For those of you who don’t know, a Nuc is like a mini hive and is a pretty standard way to order bees. It comes with a full colony which is roughly 5k bees, their own acclimated queen, eggs, larvae, drawn out honeycomb, pollen and honey itself. Everything they need to get to business and get that honey made! And all you have to do is drop the frames into your hive and they’re on their way. Sounds easy, yes?
Nerp.
Boy, did I sign up for it. These gals are picky, and fragile, and particular. I couldn’t find eggs, I never saw the Queen and the only evidence I had that they were maybe doing alright was that they were still alive and large in number. I had no idea what I was doing, I couldn’t find anyone to help me, and didn’t have the slightest clue where to begin. My first Nuc was also super angry and aggressive. They’d fly at my face, despite the smoker, and one even got it’s little stinger all the way through some thick (albeit not beekeeping) gloves and our relationship hasn’t been the same since. I was incredulous! How could they be so ungrateful?

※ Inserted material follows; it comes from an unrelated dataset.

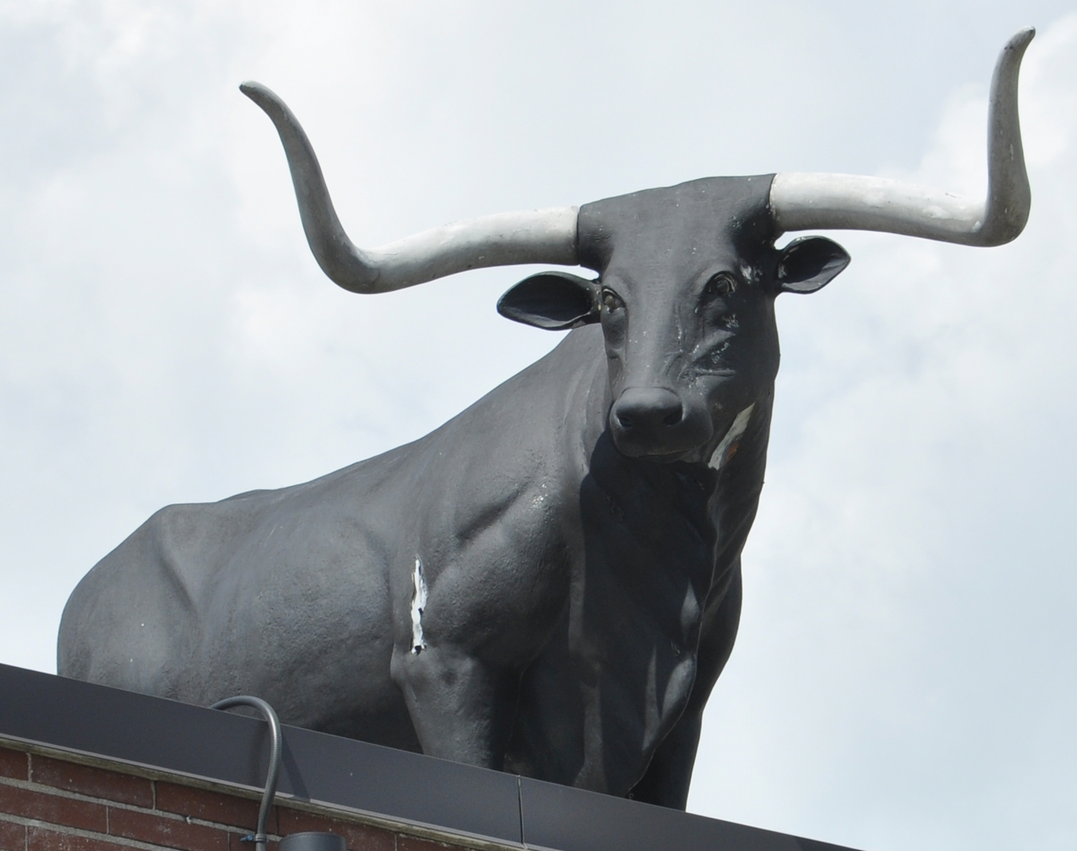 The Bull in Akron was a metal sculpture. It appeared to represent a Longhorn bull. It was installed on a trailer in front of Felons For Hire. These photos are from 2009. By 2013, the business and the Bull were gone. |

That first season ended with me making a terrible decision to spray weed killer in our yard, without even considering that the bees wouldn’t like it one bit. Bad idea, yes, but (even after everything I’d done for them!) they left because of it. One wrong move and it was over. I was heartbroken, I took it personally and I wasn’t keen on repeating the efforts ever again.
However, the following spring rolled around and for some reason or another, I went ahead and bought a full 10-frame, pre-started hive. I was reenergized, spirit renewed, hopes afresh, willingness restored!
I’ll keep this section of the story short and sweet, who needs the suspense? At some point, I lost the Queen and spent the subsequent 6 weeks attempting to get the colony Queen-right. I bought a new Queen, which they didn’t accept—this hive was more aggressive than the last—and then purchased another Queen which they also wouldn’t accept. As a result, they slowly died off and disappeared altogether while we were on vacation last fall. Thus ended my second season of beekeeping.
Again, incredulous. Again, personally offended. Again, not keen to repeat the effort.
So this idiot over here, on round three bought not one, but TWO bee packages this spring. Two! Just balls to the wall, I literally doubled down after my first two attempts having gone so well.
One might ask…why? Let me explain.
Some people (Andy) might describe me as resilient—which sometimes, in my case, translates to not knowing when to quit. In this particular situation, I guess it means I’m still trying to keep bees. I still believe I’m supposed to. As I continue to deepen my relationship with the earth I am convinced she needs our assistance, or at least awareness, whatever it looks like. And, though it’s frustrating and I don’t rightly know why, I think it looks like doing things like this. Just might be signing up for anger management as a result.
The good news is, due to the happiest of accidents, I have an amazing mentor this time around. He checks in regularly and asks all kinds of questions and helps me consider things I would never have otherwise. I’ve been forced to approach this with a completely fresh perspective that says, in sum, “I don’t know shit. Please, for goodness sake, show me.” That seems to be working so far.
This season, I’ve gotten to identify eggs for the first time ever, have seen Queens in both the hives four out of the six times I’ve opened them. The honey flow has been strong this year, and it would seem, so are both of my hives.
You’ve got a cautiously optimistic beekeeper here…I’ll just have to keep you posted. In the meantime, maybe don’t quit that thing that’s knocked you down hard a few times. It just might work out, and either way, you’ll learn something from it.
Even if it’s just to know when to say, “I don’t know shit.”